Genau dieser Fakt, dass Netanjahu alles tun wird, um den Krieg zu verlängern, ist das fehlende Element in der Argumentation von führenden westlichen Politikern, die angeblich an einer Beendigung des Krieges interessiert sind. Es muss darüber hinaus angenommen werden, dass diese Regierungschefs eine vorsätzliche Ignoranz an den Tag legen, als lediglich naiv zu sein. Denn nach zehn Monaten der immergleichen Manöver, um einen Waffenstillstand zu umgehen, und zahllosen Berichten, dass Netanjahu eine Einigung blockiert, tun Politiker wie Biden und Scholz immer noch so, als könne man durch rein diplomatischen Druck ein Waffenstillstandsabkommen durchsetzen.
Dabei lässt sich Netanjahu ganz offensichtlich nicht durch diplomatische Reden abschrecken, weder hinter verschlossenen Türen noch in der Öffentlichkeit. Er lässt sich ebenso nicht von der Kritik in internationalen Gremien beirren und nicht einmal von der Resolution des UN-Sicherheitsrates, mit der ein Ende des Krieges in Gaze gefordert wird. Seine rechte Regierungskoalition kann aufgrund der beschriebenen Gegebenheiten weiterbestehen, selbst wenn er persönlich wegen Kriegsverbrechen vor dem Internationalen Strafgerichtshof angeklagt wird. Offenbar kann sie es auch verkraften, dass die israelische Wirtschaft kollabieren könnte.

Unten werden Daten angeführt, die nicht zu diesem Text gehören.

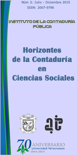 Horizontes de la Contaduría en las Ciencias Sociales. Año 2, Número 3, Julio-Diciembre 2015. Revista semestral electrónica editada por la Universidad Veracruzana a través del Instituto de la Contaduría Pública. Lomas del Estadio S/N, Zona Universitaria, C.P. 91000, Xalapa, Veracruz, México. Teléfono +52 (228) 8 41 89 00 extensión 13922. https://www.uv.mx/icp. Editora responsable: María del Carmen García García. Reserva de Derechos al uso exclusivo del Título: 04-2014-062611143100-203. ISSN: 2007-9796, ambos otorgados por el Instituto Nacional del Derecho de Autor. Difusión y soporte digital vía internet a cargo del Instituto de la Contaduría Pública. Responsable de actualización web: Mtro. José Luis Pintos. Avenida Luis Castelazo Ayala S/N Fracc. Industrial Ánimas, C.P. 91190, Xalapa, Ver.

»Konventionelle diplomatische Bemühungen zur Beendigung des Krieges laufen schon seit Monaten und sind offensichtlich gescheitert.«
Das Einzige, was Netanjahu politisch schaden und letztlich zu seinem Niedergang führen kann, ist das Ende des Krieges selbst. Dadurch würden innenpolitische Prozesse in Gang gesetzt, die in Neuwahlen enden dürften. Sei es, weil die Rechten Bibi im Stich lassen, um den Krieg zu beenden, oder weil diejenigen in Machtpositionen in Israel, die Netanjahus Herrschaft akzeptiert haben, solange der Krieg tobte, nach Kriegsende darauf drängen, sich der öffentlichen Meinung zu stellen und entsprechend wählen zu lassen.

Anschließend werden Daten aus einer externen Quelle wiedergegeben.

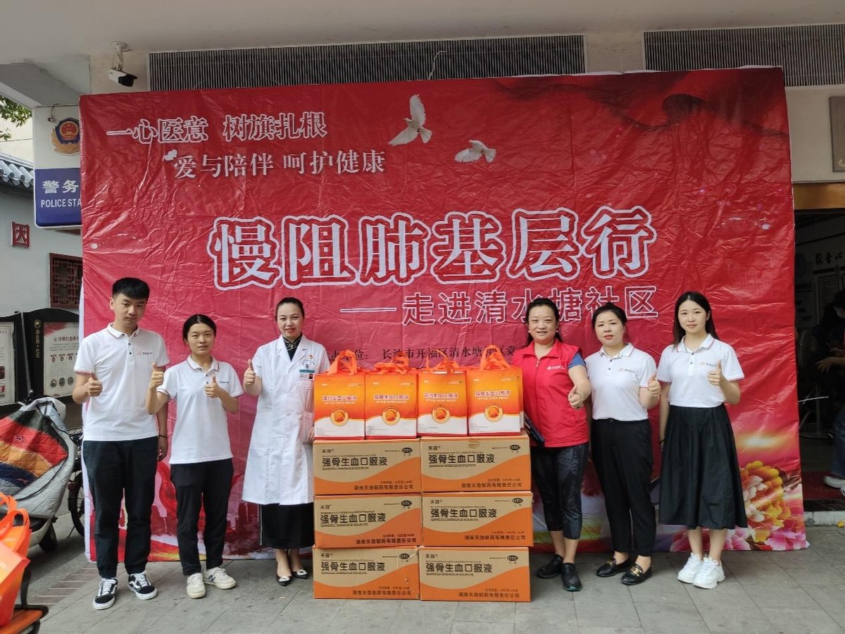 在活动现场,由长沙市第一医院的医生们带来的健康大讲堂热闹非凡,结合实际为大家讲解呼吸、中医、康复、护理等健康知识,深受居民们的认可。在随后的义诊环节,6名来自呼吸科、中医科及血液肿瘤科的知名专家和青年专家为居民提供呼吸系统、血液肿瘤等疾病咨询及健康问诊,详细解答群众的疑惑。现场还进行了日常保健、护理以及常见病多发病的防治知识宣教,并向居民们免费赠送了天劲牌强骨生血口服液。

Konventionelle diplomatische Bemühungen zur Beendigung des Krieges laufen schon seit Monaten und sind offensichtlich gescheitert. Unter Netanjahu wird Israel den Krieg fortsetzen, es sei denn, es ist materiell dazu nicht mehr in der Lage – sprich: wenn die Waffenlieferungen gekappt werden. Die USA haben die Macht, dies mit einem einzigen Schritt zu erreichen. Dabei ist noch nicht einmal ein vollständiges Waffenembargo nötig. Vielmehr könnte eine glaubwürdige und entschlossene Drohung mit dem Stopp von Offensivwaffen ausreichen. Leider setzt sich Biden weiterhin voll und ganz für die Aufrüstung ein. Damit ermöglicht er es Netanjahu, Gaza weiter zu zerstören. Vizepräsidentin Kamala Harris kann es sich im tobenden US-Wahlkampf derweil nicht leisten, sich öffentlich gegen diese Position zu stellen.

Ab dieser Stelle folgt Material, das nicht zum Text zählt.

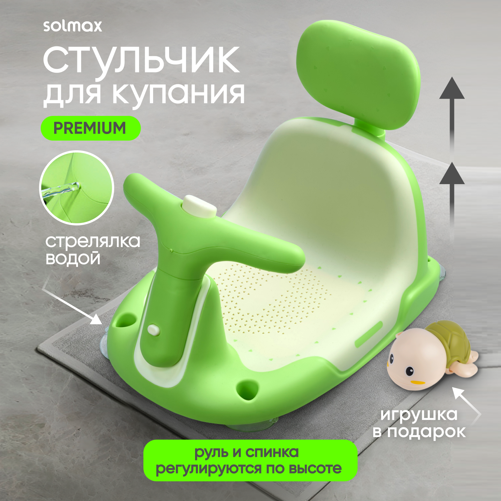 Ниже Вы можете прочитать отзывы на Стульчик для купания детский на присосках для ванны Solmax&Kids с заводной игрушкой, ознакомится с подробными характеристиками, посмотреть интересные обзоры и фотографии на Стульчик для купания детский на присосках для ванны Solmax&Kids с заводной игрушкой.

Doch genau das muss die Forderung der Linken sein, gerade in den USA, aber auch anderswo: Schluss mit dem vermeintlichen »tough talk« hinter verschlossenen Türen. Es gibt echte Machtinstrumente, mit denen man Netanjahu beikommen kann.
Nimrod Flaschenberg war parlamentarischer Berater der linken Chadasch-Allianz in Israel. Aktuell studiert er in Berlin Geschichte.